TASK TO COMPLETE:
Copy exactly the lines from the start of the material through the line with "美学を、人間のそれと機械のそ". Pictures stay out of the copy.

PROVIDED MATERIAL:
--- START ---
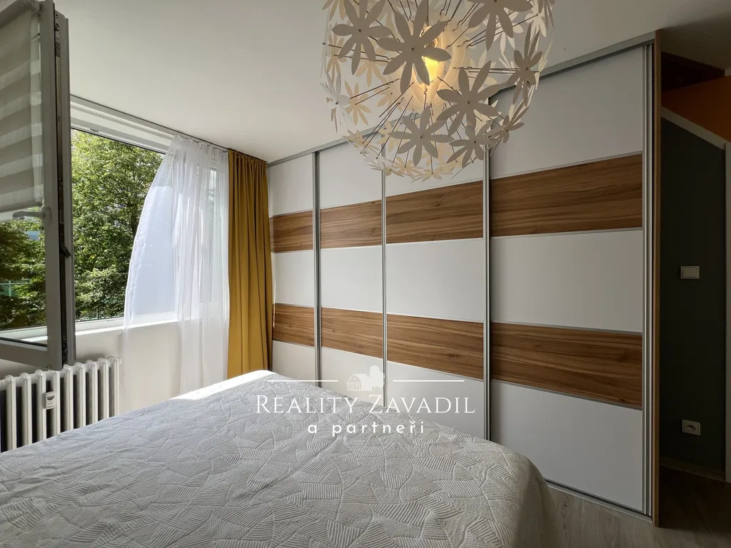 Vybaven je nábytkem dělaným na míru. V ložnici s krásným výhledem do zeleně se nachází manželská postel, šatní skříň a pracovní kout. V druhé místnosti je moderní kuchyňská linka včetně spotřebičů (chladnička, myčka nádobí, horkovzdušná trouba ) a obývací část vybavena sedací soupravou.
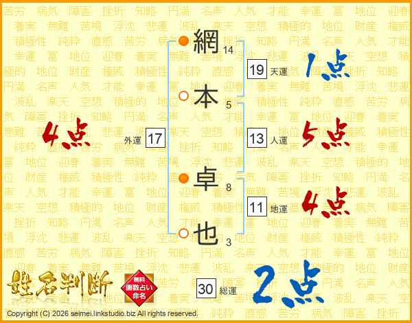 網本卓也さんの人運は13画の5点!
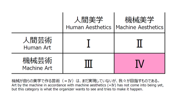 美学を、人間のそれと機械のそれに分ける。芸術を、人間のそれと機械のそれに分ける(図)。そうして生じた4つの部門のうち、機械、または未来のAIが自らの美学と美意識で芸術創作する「機械美学/機械芸術」(Ⅳ)は、われわれ人類にとっては脅威かもしれないが、驚異でもあるだろう。
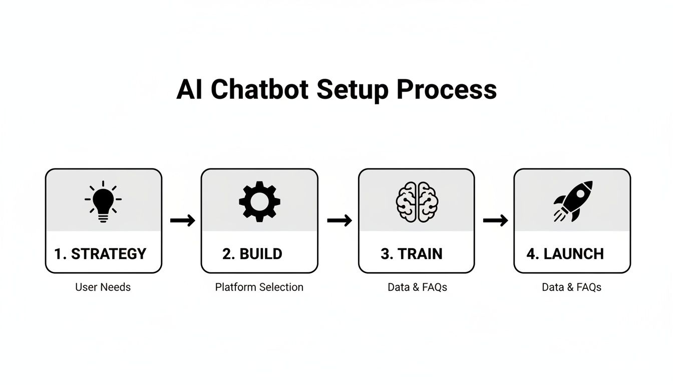 Rolling out an AI chatbot for customer support doesn’t have to be a massive, months-long headache. With the right game plan, you can get a powerful assistant up and running fast. This playbook breaks it all down into four clear phases, taking you from the initial idea to a fully tuned-up launch.
--- END ---
PROBLEM SOLUTION:
 Vybaven je nábytkem dělaným na míru. V ložnici s krásným výhledem do zeleně se nachází manželská postel, šatní skříň a pracovní kout. V druhé místnosti je moderní kuchyňská linka včetně spotřebičů (chladnička, myčka nádobí, horkovzdušná trouba ) a obývací část vybavena sedací soupravou.
 網本卓也さんの人運は13画の5点!
 美学を、人間のそれと機械のそれに分ける。芸術を、人間のそれと機械のそれに分ける(図)。そうして生じた4つの部門のうち、機械、または未来のAIが自らの美学と美意識で芸術創作する「機械美学/機械芸術」(Ⅳ)は、われわれ人類にとっては脅威かもしれないが、驚異でもあるだろう。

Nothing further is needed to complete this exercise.